Мендзылеский внимательно взглянул на нее, будто впервые увидел ее проницательные глаза, резко очерченный подбородок.
— Не хотите ли вы сказать, ваше величество, что намерены сделать из Доси свою доносчицу?
Бона отвернулась от него, и он заметил только, что белая ее шея и мочка уха чуть заметно порозовели. Помолчав немного, она отвечала:
— У меня не будет таких намерений, если вдруг окажется, что Польша не похожа на италийские герцогства, что у правителей здесь нет врагов-завистников, друзей-предателей и наемных убийц. Что здесь вместо кинжалов за поясом можно увидеть лишь мечи в ножнах. Впрочем, довольно о карликах. Что вы думаете, ваше преосвященство, о сыне Катажиныиз Тельниц? Я слышала, что ему скоро исполнится двадцать? И он все еще, не покидая родного гнезда, живет в Кракове, с матерью?
Епископ бросил на нее быстрый взгляд и тут же опустил глаза. И в свою очередь спросил ее, подбирая слова, словно бы после раздумья:
— А вы, ваше величество, хотели бы видеть его в каком-нибудь отдаленном приходе?
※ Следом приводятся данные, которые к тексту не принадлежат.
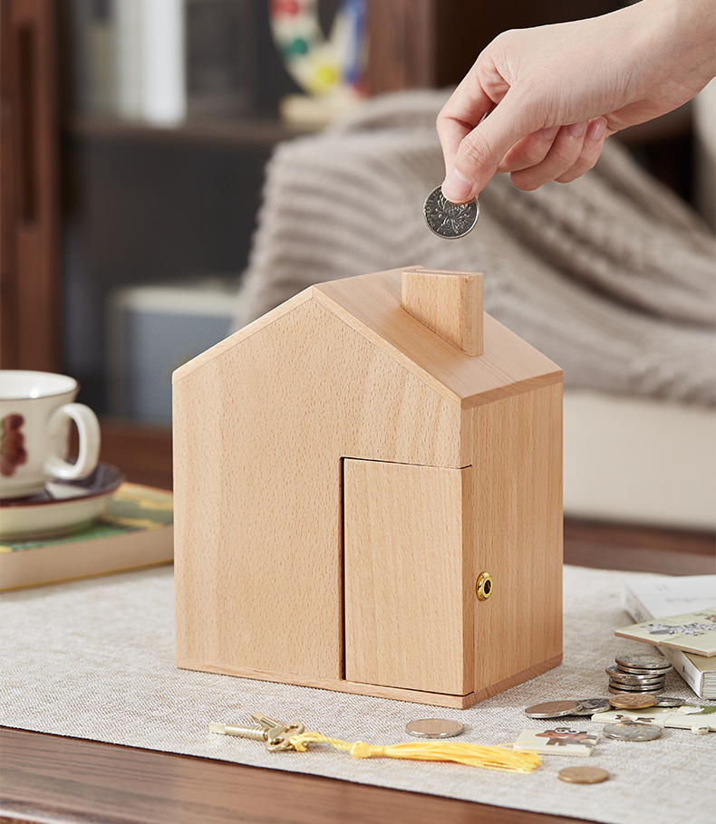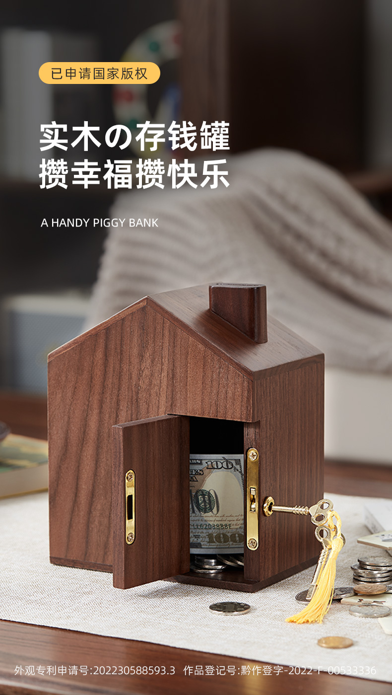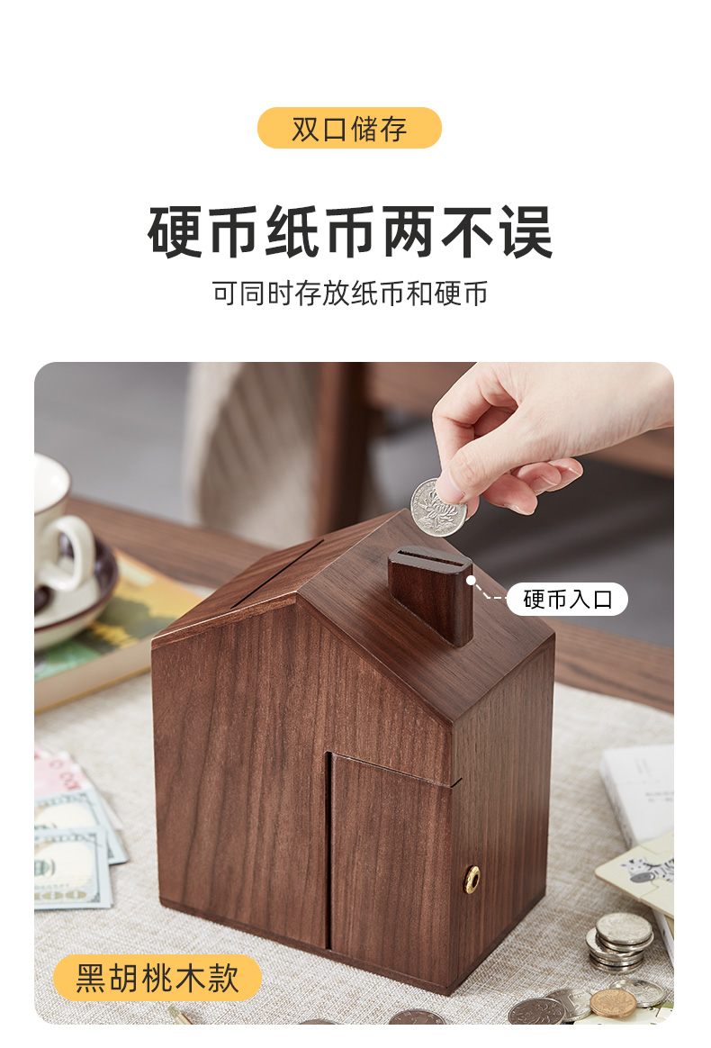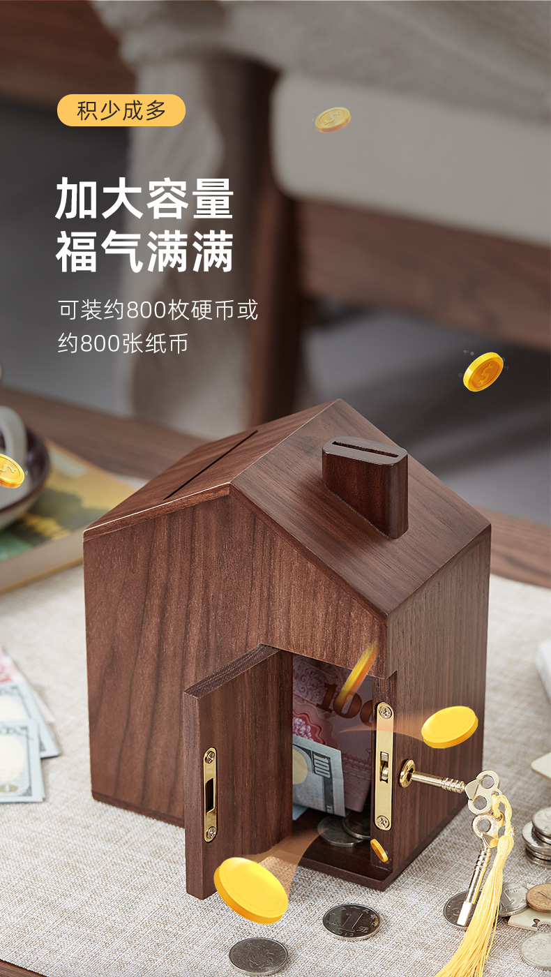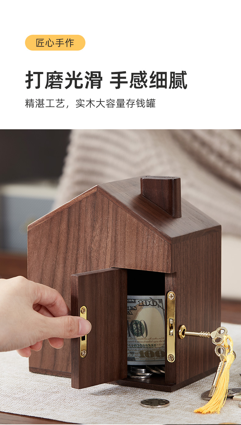 初心| 创意小屋实木存钱罐轻奢黑胡桃木榉木创意摆件孩子送礼

— Зачем же? — возразила она. — Краковский каноник, королевский сын, достоин и епископского сана. Я слышала от канцлера Алифио, что виленское епископство до сих пор не имеет своего пастыря.
Мендзылеский не скрывал удивления:
— Стало быть, наисветлейшая госпожа, вы уже слышали и о том, как дорожит его величество литовскими землями? Носит их в своем сердце?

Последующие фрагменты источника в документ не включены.